Un million de dollars. C’est la somme versée au comité d’investiture de Donald Trump par les géants de l’automobile (Ford, General Motors, Stellantis, Toyota) ou les leaders de la tech (Google, Microsoft) pour participer à l’investiture de Donald Trump. C’est le double de qu’ils avaient donné à Joe Biden pour son investiture. À ce prix, ils auront le privilège de s’entretenir brièvement avec le président américain et son vice-président, J.D. Vance.

Les multinationales craignent par-dessus tous les droits de douane que veut imposer Donald Trump au Mexique ou à la Chine, des pays où de nombreuses entreprises américaines ont des usines et des activités. Les grands patrons réussiront-ils à convaincre un président dont on dit qu’il a une vision « transactionnelle » de la politique ? L’un des plus généreux donateurs, Tim Cook, à la tête d’Apple, avait réussi lors du premier mandat Trump à obtenir des exemptions de taxes pour les produits de la marque à la pomme.

Déjà très influents, les patrons d’Amazon, Meta, Open AI ou Uber ont contribué, à titre personnel, avec des sommes à sept chiffres. De quoi leur ouvrir les portes du dîner aux chandelles et des bals fastueux. D’autres, qui ont préféré rester anonymes, ont payé des sommes tout aussi mirobolantes, alors même qu’ils ne pourront pas participer aux festivités, car l’évènement affiche complet depuis plusieurs semaines.

250 millions de dollars récoltés depuis le jour de l’élection

Les alliés de Donald Trump ont collecté plus de 250 millions de dollars depuis le jour de l’élection pour ses projets politiques, y compris le comité d’investiture et certains groupes extérieurs alliés (contre 107 millions de dollars en 2017). Les dons aux comités d’investiture ne sont pas limités, seuls les ressortissants étrangers n’ont pas le droit de faire des dons.

La commission d’investiture de Donald Trump est chargée de couvrir les frais de tous les évènements, à l’exception de la prestation de serment au Capitole, qui est à la charge des contribuables. La ville de Washington DC aura dépensé 1,5 million de dollars rien que pour la structure qui était censée accueillir la prestation de serment et les invités de marque devant les marches du Capitole. Une structure qui finalement ne servira pas puisque tout aura lieu à l’intérieur, dans la Rotonde, avec un public limité à 600 personnes.

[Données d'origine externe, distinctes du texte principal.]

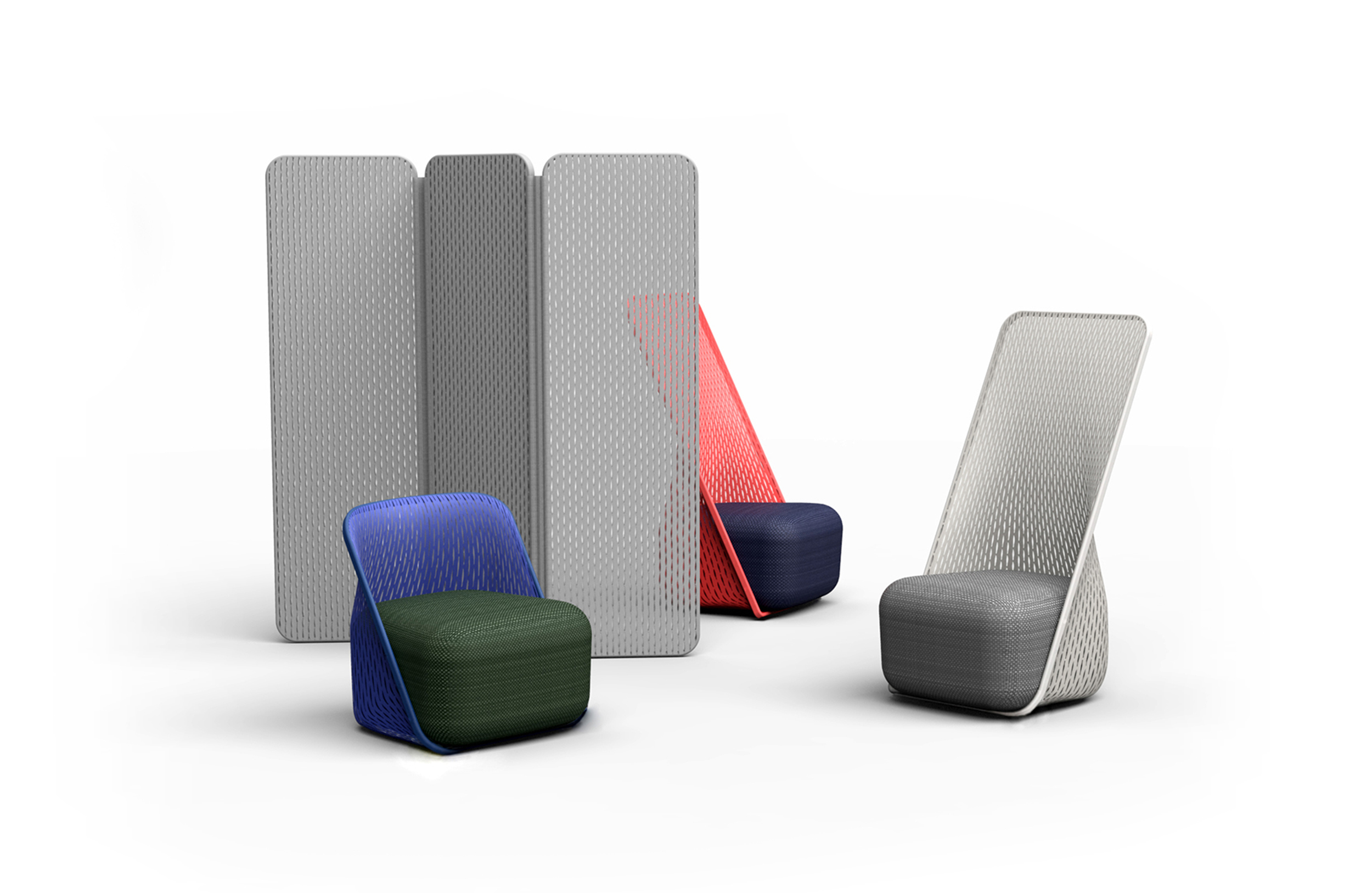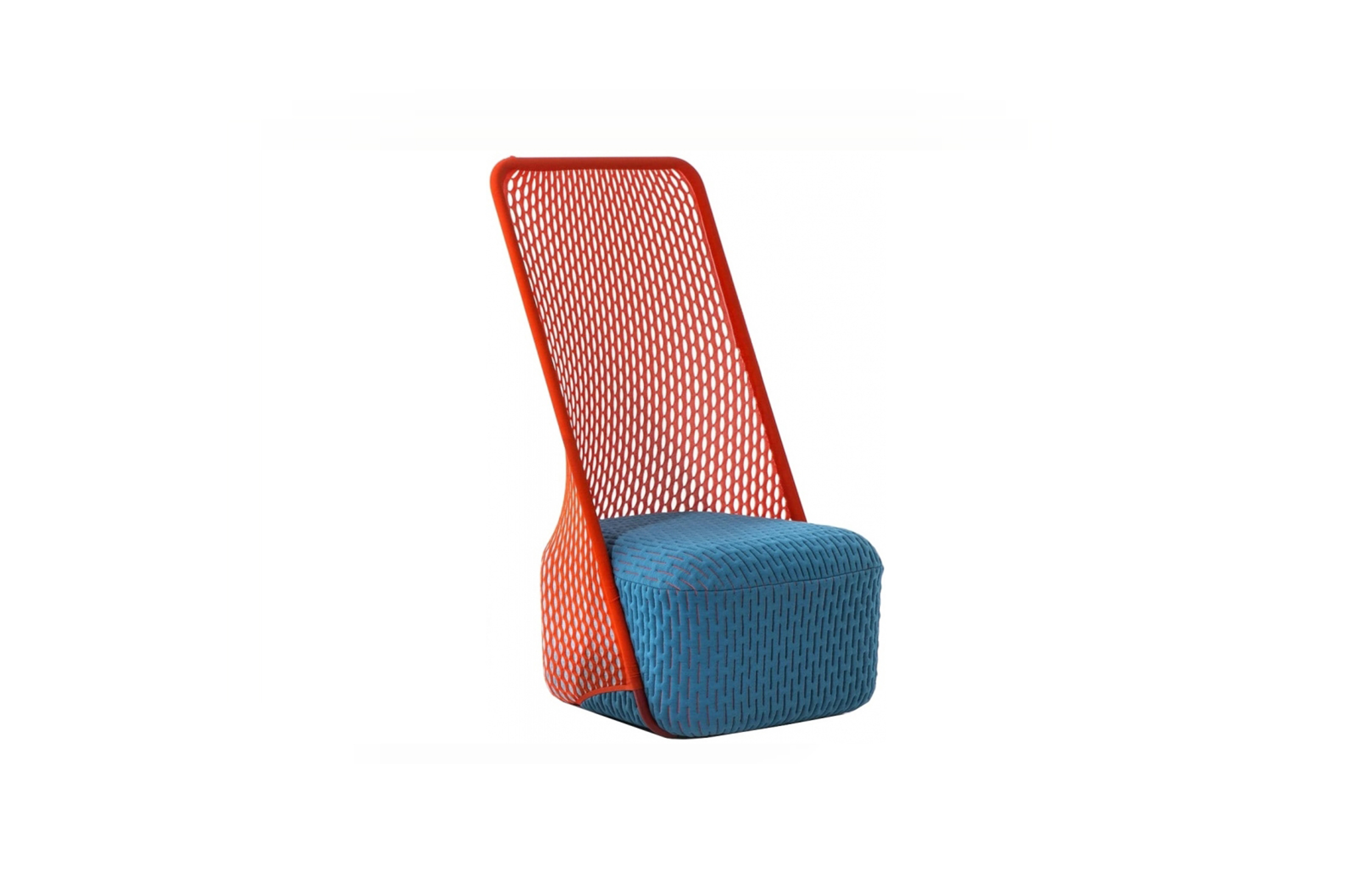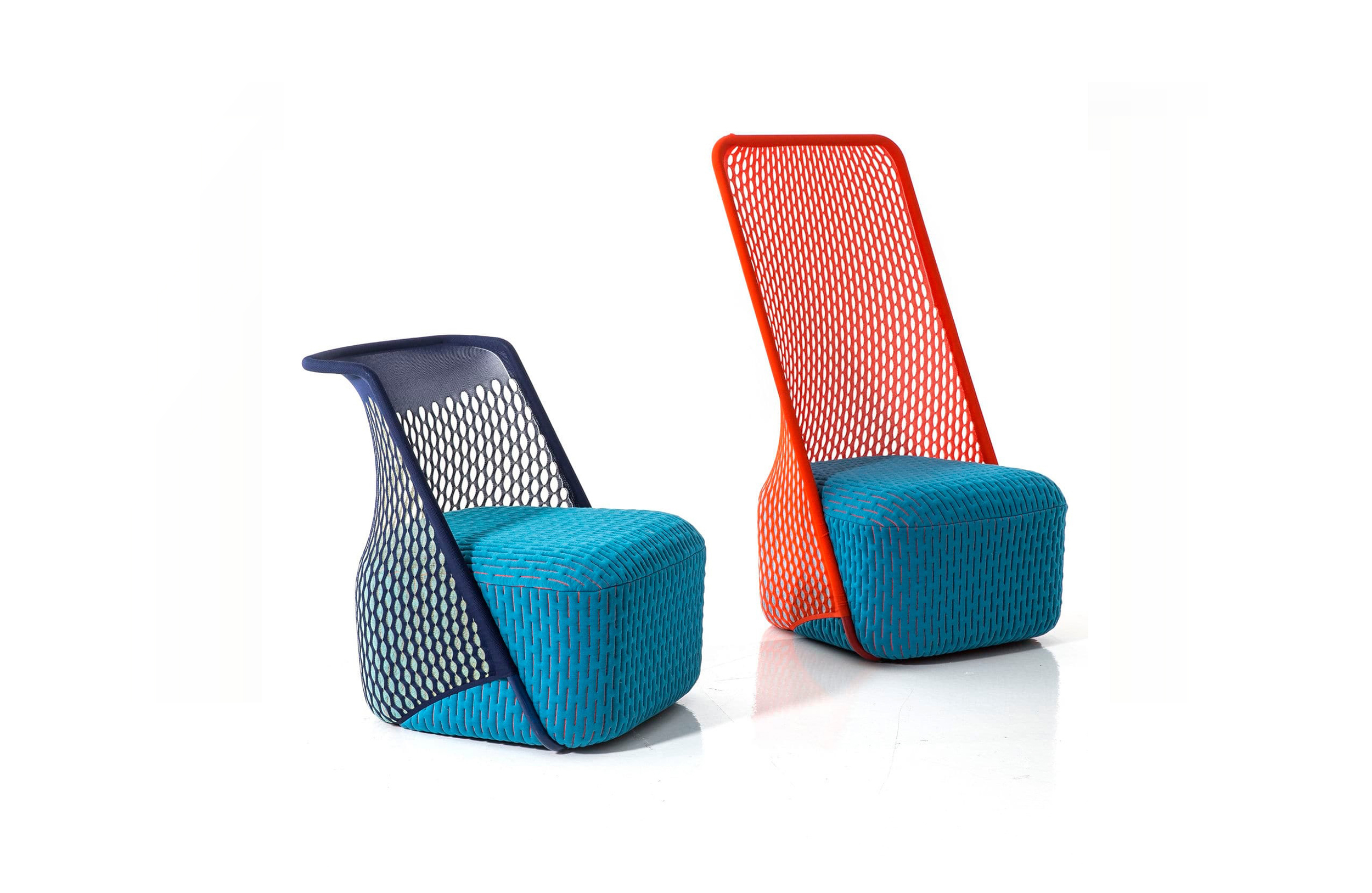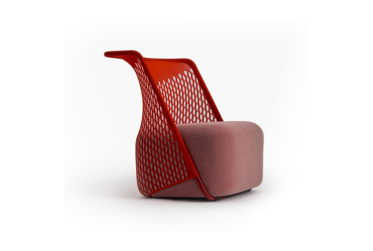 “摇篮”是两种类型座位的独特组合;一个网状结构吊床和一个传统的软垫沙发椅。扶手椅源于工作室的材料驱动、工艺主导、工业设计方法、网格材料的构建研究,以及传统座椅组件之间的关系研究。“摇床”采用了一种定制的剪裁模式,允许非弹性织物以三维的方式进行。这允许正确的张力,舒适地支持身体和视觉上和身体上减少产品的重量。

Chaque année, 220 000 tickets sont distribués aux membres du Congrès, qui sont ensuite chargés de les offrir gratuitement à leurs électeurs intéressés à venir aux abords du Capitole ou le long du parcours du défilé inaugural. À cause du froid, la prestation de serment a été déplacée à l’intérieur du Capitole, et avec -12 degrés attendus dehors, le stade Capital One Arena a été mis à disposition du public muni d’un billet qui souhaite assister à la cérémonie au chaud. Donald Trump s’y rendra pour saluer ses soutiens, après avoir prêté serment.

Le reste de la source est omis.